UTLA 2014-2020: Understanding How Teaching Unions and Educational Justice Coalitions Can Play Roles in Addressing Educational Equity, Civil Rights, and Democracy
What happens in public education has a tremendous and unique influence on society, and school systems are some of the most important institutions for building the norms necessary for multi-racial democracy. Educators are strategically positioned to organize—with large unions, natural connections to the community, and jobs that require them to engage key issues in society.

To better understand how teacher unions can play a role in building power and fostering movements that address educational equity, civil rights, and the expansion of democracy in schools and surrounding communities, this report by 2024-25 LCHP Grantee Emily Szpiro takes the work of United Teachers Los Angeles (UTLA) in the 2014-2020 period as a case study. In 2014, out of decades of caucus and community work on the part of rank-and-file teacher leaders, progressives won leadership of UTLA. In this 2014 to 2020 period, the union leadership and broader organization helped to form a coalition with community organizations called Reclaim Our Schools LA; led on passing a membership-wide dues increase to increase the union’s organizing and community relations capacity; developed deep, democratic member structures; challenged privatization within public schools; won significant racial justice victories; helped build state-wide and national educational justice coalitions; and engaged a “Bargaining for the Common Good” approach that, through a strike in 2019, won class size reductions, more librarians and counselors, protection of healthcare, green space, limits on indiscriminate searches of students, a salary increase, Community Schools, an immigrant defense fund, and more.

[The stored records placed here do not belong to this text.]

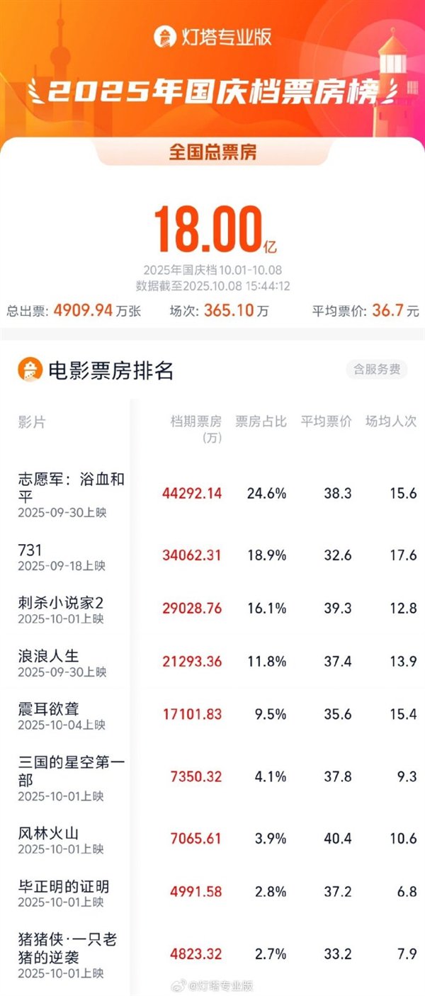 快科技10月9日消息,据灯塔专业版数据显示,截至昨日15时44分,2025年国庆档(10月1日—10月8日)档期总票房突破18亿。
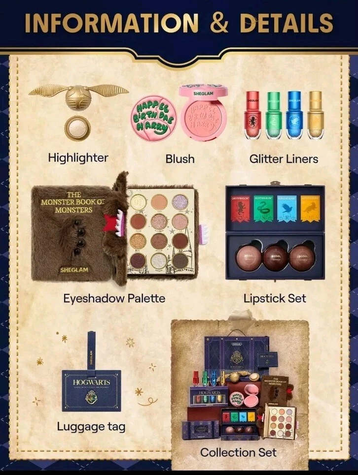 Sheglam HARRY POTTER NEW Collection Makeup Set 100% Authentic Brand New. After the Accio-mazing success of our first collection, we couldn't wait to conjure up something new! Our second SHEGLAM Collection is FINALLY here to work its magic on your beauty routine. Get ready to dive into a cauldron of enchantment with eyeshadows as exciting as the Monster Book of Monsters, glitter liners that outshine the Goblet of Fire, and a blush inspired by Harry's famous birthday cake (because who doesn't love a sweet glow-up?). this collection has everything you need to elevate your look with a touch of spellbinding fabulousness. Benefits: Cruelty-Free, Long-Wearing, Moisturizing, Recycling
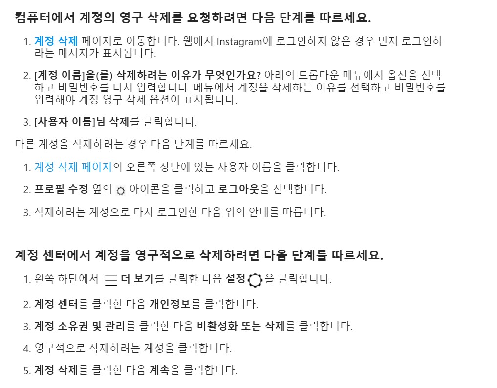 인스타그램  고객센터 내용을 기반으로 실제 계정 삭제 방법을 스크린샷으로 정리해두었습니다.
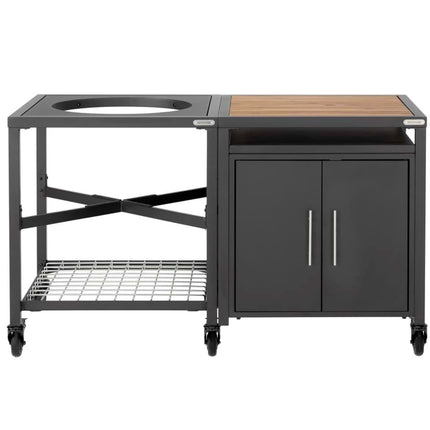 Het EGG Frame is gemaakt van hoogwaardig gepoedercoat aluminium en voorzien van stevige poten met zwenkwielen, zodat je eenvoudig de ideale kookplek creëert. De keramische tegelplaat in het onderstel voegt stabiliteit toe en beschermt tegen hitte. Het Expansion Cabinet biedt een robuuste opbergkast met verstelbare planken, zodat je houtskool, gereedschap en specerijen altijd binnen handbereik hebt.
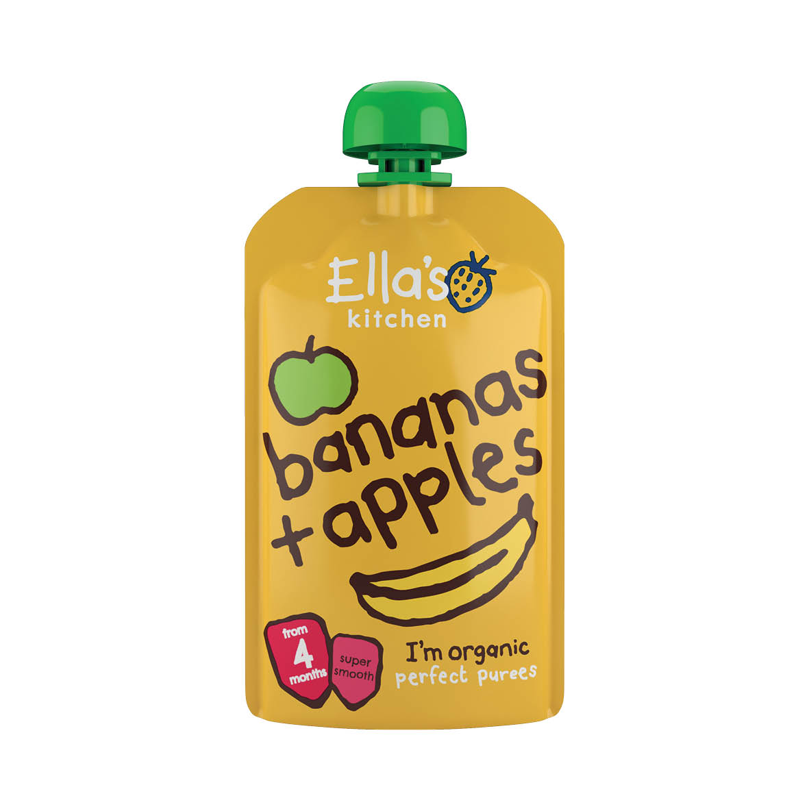 Ella’s Kitchen 4M+ Apples & Bananas: 100% organic pureed apples and bananas with a dash of lemon juice.
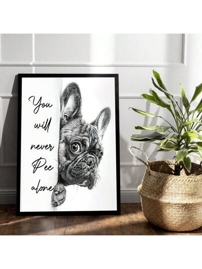 1 件/套有趣的黑白法国斗牛犬海报印刷品 - 幽默浴室装饰 - “你永远不会独自小便”墙壁艺术装饰,适用于家庭和办公室,是送给爱狗人士的完美礼物,墙壁装饰礼物,不含相框 - 黑與白 - 查看 1
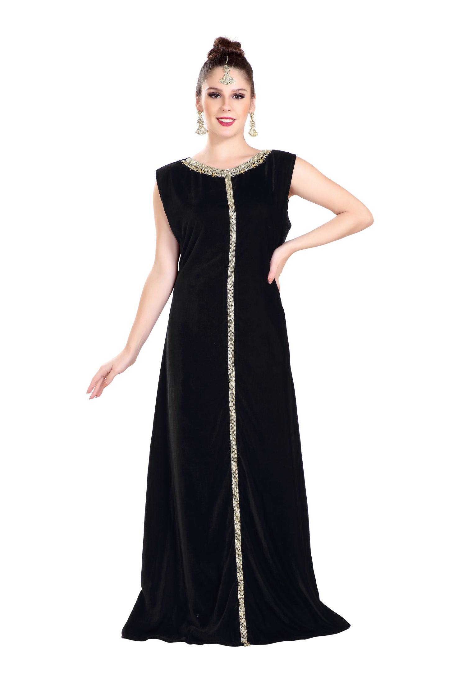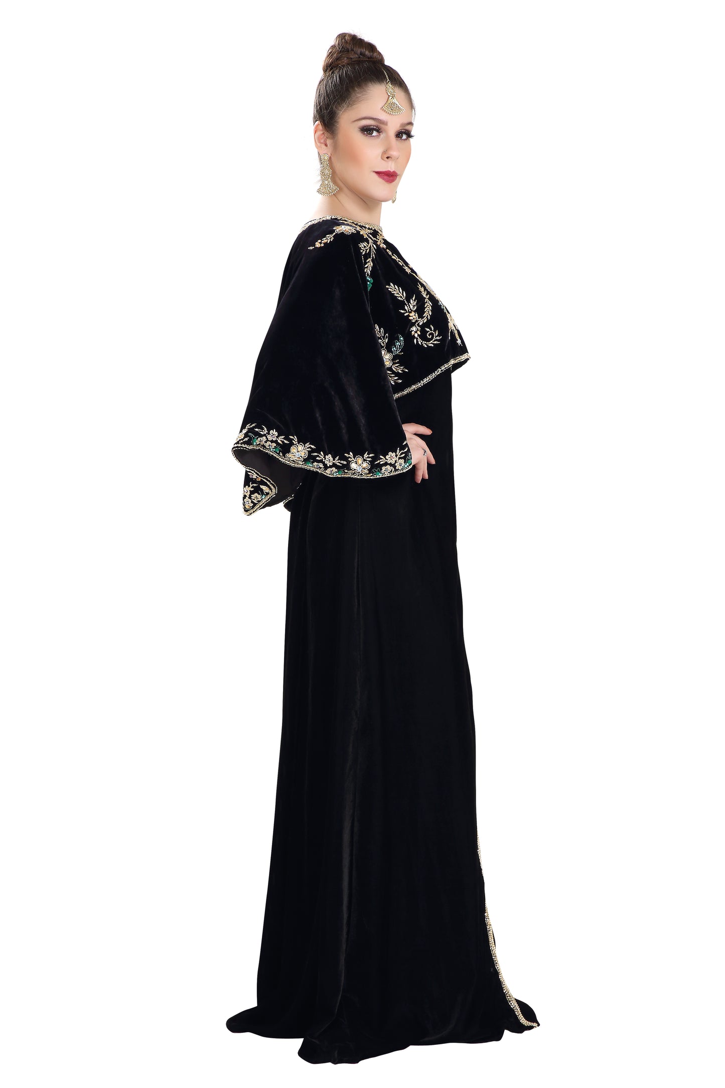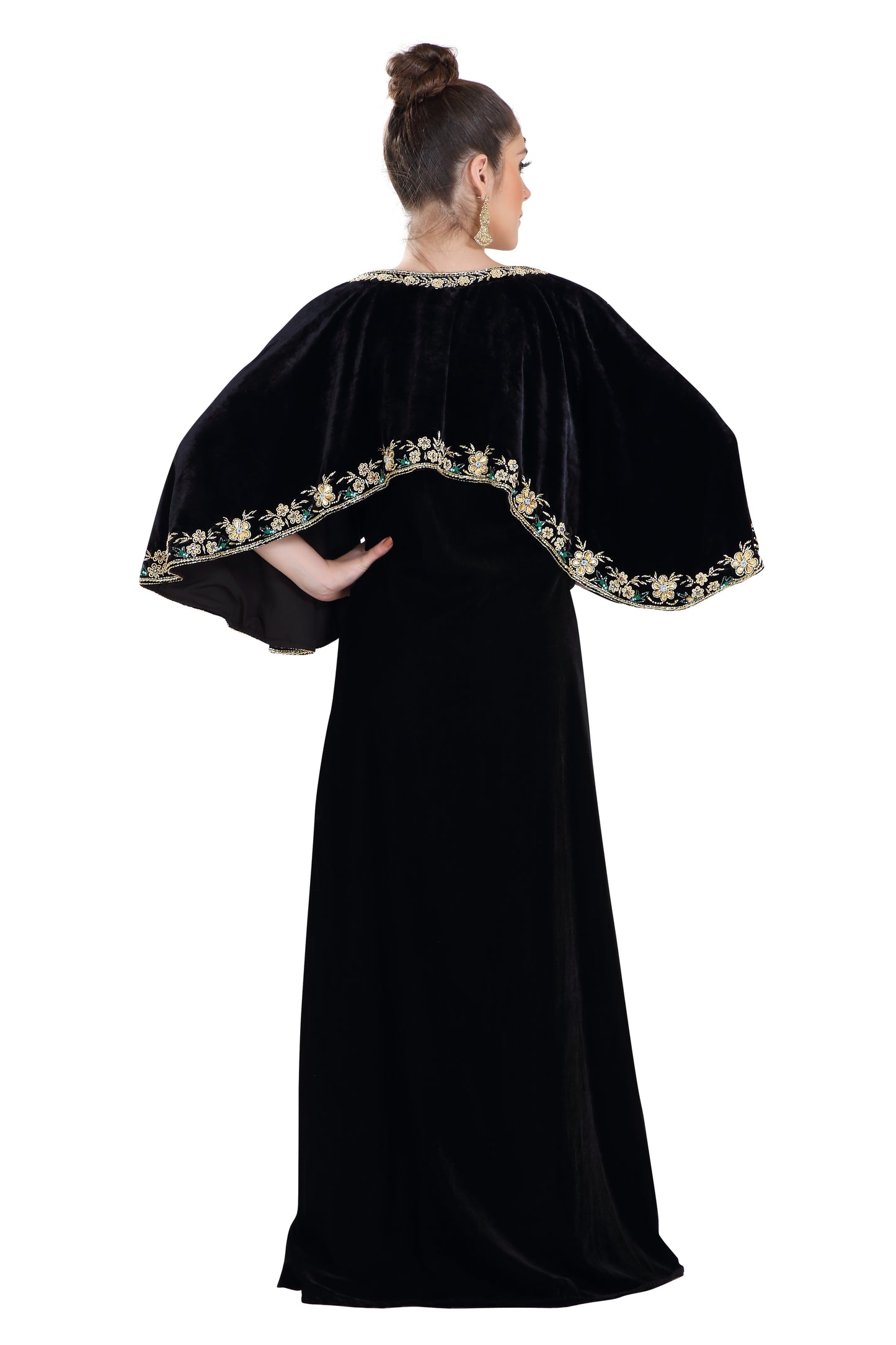 Arabian Kaftan Velvet Fabric with Colorful Crystal Embroidered Dress - Maxim Creation

This report explores, through over 100 interviews—with UTLA rank-and-file leaders, parents and youth key to building Reclaim Our Schools LA, UTLA elected leaders, long-time Community School and educational justice theoreticians and practitioners, elected teacher union leaders across the country, national community organizing luminaries, educational historians, and more—and archival research, how UTLA was able to move from a low-participation union that was alienated from the Los Angeles community to become a union that contributed to building a powerful community coalition and that was strong enough to lead the successful 2019 strike, and considers how this connection between teacher unions and social justice coalitions can work to shape educational policy.